As to memory, it depends what programs you're also running, and the system setup. I just went from Windows XP Pro, to now running Windows Vista Ultimate, beta 2. I can say first hand that Vista uses a crap load of memory compared to XP. Rather then booting up using 250 MB or so (on a clean install); it's closer to 800-900 MB. When people get Vista, they're likely going to be wanting 2 GB of RAM. With dual core procs and running DC WUs on both CPUs simultaniously, I could see them wanting more. AKA, seasonal attribution on one core, and CPDN coupled ocean on the other
Projects can be written out to the paging file, and in this way it can help. The inactive WU can be paged out, and because it isn't being worked on, it doesn't have to be in system RAM. There is still load times, but eh... Now, looking at things on Vista, I can say that when things go a few hundred megs over physical RAM (not difficult even with a gig, when the system boots up using over 800 MBs to itself), that things can become a bit slow/unresponsive. Now that might be a Vista thing, could also be a beta thing. As long as it's below system RAM, it's actually a bit more responsive then winXP, probably in part because I'm using Vista-64 bit beta, rather then the 32-bit variant.
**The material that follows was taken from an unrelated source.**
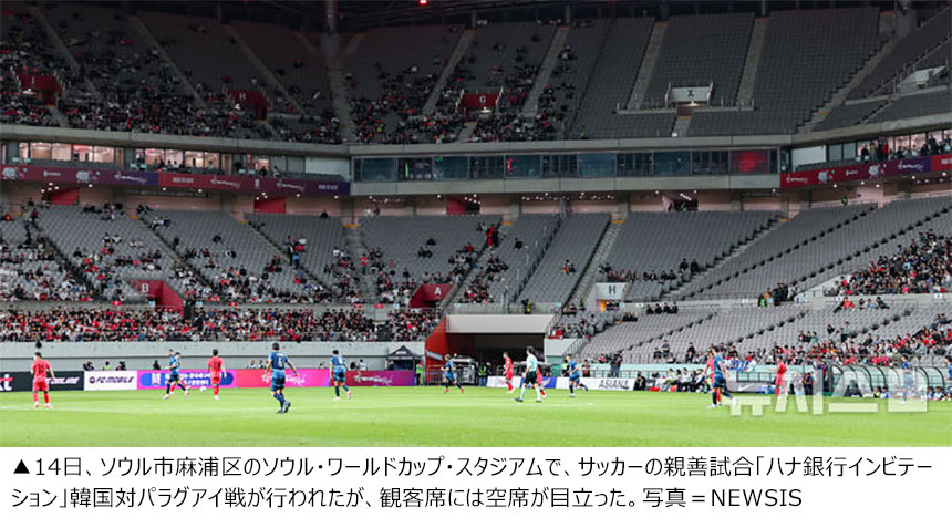 【写真】強豪パラグアイとの対戦なのに空席が目立つソウル・ワールドカップ・スタジアム
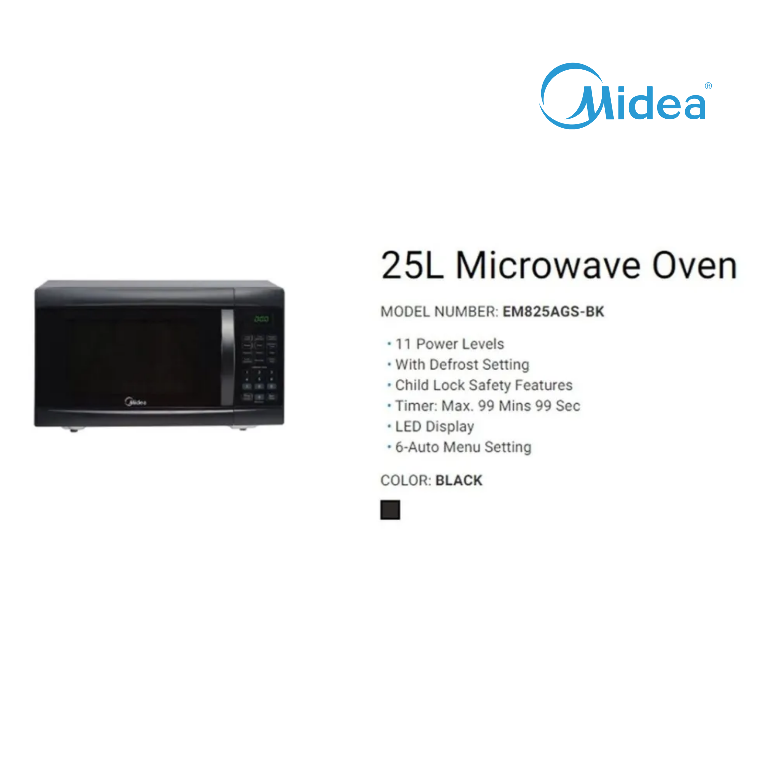 Midea 25L Microwave Oven 700~800W EM825AGS-BK

More readily, yes there's a lot of computing power on the A64, but it isn't inexhaustible. And yes now, with the projects I have (and certainly not everything), an x2 (dual core) would help :rofl For now, I just micro-manage things a bit to cycle through some projects I want to run at the time, and set others to no new work, until I get back to them. I do run groups of projects at a time however...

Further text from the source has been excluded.